Уже настала суровая зима, когда судно «Мэйфлауэр» бросило якорь у североамериканского побережья. Земля была пустынная и холодная, и пассажирам пришлось оставаться на борту в течение нескольких месяцев, прежде чем они смогли сойти на берег. Небольшая экспедиция, отправившаяся в лодке исследовать окрестности, сильно пострадала. Некоторые из ее членов замерзли насмерть, пытаясь переночевать в снегу на побережье. Те, кто пережил ночь, к радости своей, нашли захоронение и внешне заброшенное хранилище маиса и бобов, однако, обчистив склад, они обнаружили, что за ними гонятся аборигены, еду которых они украли. Ночью на них напали воины, вооруженные луками со стрелами, — к счастью, горе-переселенцы отделались легким испугом.
На борту корабля вскоре начали свирепствовать туберкулез, пневмония и цинга. Еды не хватало, вода была грязная. К приходу весны из ста двух пассажиров в живых оставалось только пятьдесят три. Погибла и половина экипажа.
Только в марте выжившие колонисты наконец смогли сойти на землю, по-прежнему намеренные осуществить свой план и волю Господа. Замерзшие, голодные, они держались лишь убеждением, что Бог на их стороне. Они не знали, где начать строить свою колонию и как заключить мир с местным населением. Не знали они и того, на каких животных охотиться, какие растения съедобны и как найти питьевую воду. Новая земля обетованная, возможно, и была гостеприимна, но только для тех, кто знал и понимал ее.
Именно тогда они наткнулись на Тисквантума. Это был индеец, принадлежавший к племени патуксетов, за несколько лет до того захваченный в плен англичанами, увезенный в Испанию и проданный на невольничьем рынке, которому удалось бежать, пробраться в Англию и выучить язык. Через некоторое время он на одном из кораблей вернулся в Америку, где обнаружил, что все его племя вымерло от эпидемии, по всей вероятности завезенной все теми же англичанами.
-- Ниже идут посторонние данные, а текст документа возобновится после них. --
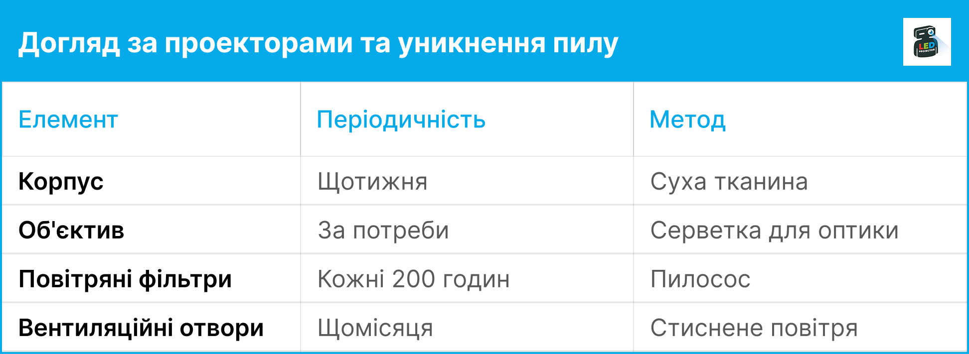 Догляд за проекторами та уникнення пилу
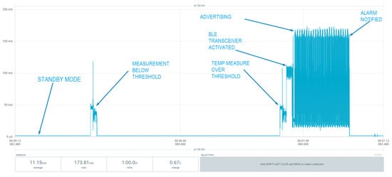 Figure 9, Figure 10 and Figure 11 show the consumption results obtained with the different sensor prototypes used to measure the temperature parameter. Figure 9 plots the entire measurement process: the activation of transceivers, advertising and sending of alarm to the gateway, and the consumption of each process. This entire process was performed with the ESP32-based prototype.

В его действиях не было логики, да и не всегда мотивы поведения человека объясняются его историей; как бы то ни было, Тисквантум спас жизнь несчастным английским колонистам. И первое, что он сделал, — подарил им целую охапку угрей. Уже в день их первой встречи Тисквантум отправился на реку, и один из переселенцев записал в свой дневник, позднее пересланный в Англию: «Вечером, к радости наших людей, он вернулся с таким количеством угрей, сколько помещалось у него в руках. Они были жирные и сладкие. Он вспугивал их, топоча ногами по дну реки, и ловил руками, без всяких снастей». Это был дар Божий в тот момент, когда он более всего был необходим, — то спасение, о котором они до последнего молились.
Вскоре Тисквантум обучил переселенцев самостоятельно ловить угря и объяснил, где рыбу легче всего найти. Он дал им маис и показал, как его выращивать, показал им, где найти дикие овощи и фрукты, и дал советы, где и как охотиться. Не последнее значение имело и то, что он помог им договориться с местным населением, выступая посредником при заключении мира, благодаря чему заблудшие англичане вообще смогли там остаться.
Все это позволило ранним колонизаторам Американского континента выжить и со временем стать легендой в американском эпосе. Прибытие корабля «Мэйфлауэр» с тех пор считается символическим и эпохальным событием в истории США, бесконечно упоминаемым в мифологизированном и романтизированном виде в различных патриотических ситуациях.
В ноябре 1621-го — через год после прибытия и в районе той даты, которая с тех пор и именно в связи со спасением пилигримов называется Днем благодарения, — они сделали в своем дневнике запись о той потрясающей стране, которую обрели. Писали о той милости, которая после стольких испытаний все же снизошла на них, благодарили Господа за все деревья, растения и плоды, окружавшие их, за зверье, и рыбу, и плодородные земли, и, конечно же, за угря, которого они в огромных количествах и «безо всяких усилий» вылавливали в реке каждую ночь.
Было бы вполне понятно, если бы угорь стал после этого значимым образом в американской мифологии, жирным и блестящим патриотическим символом новой земли — даром, закрепившим то, что было предначертано судьбой. Однако так не получилось. Возможно, потому, что угорь по сути своей плохо сочетается с высокопарным символизмом. Или же потому, что вскоре его стали воспринимать как пищу простых рабочих, а не блюдо на сиятельных приемах. Или же все дело в том, что дар отцам-пилигримам принес человек из местного населения.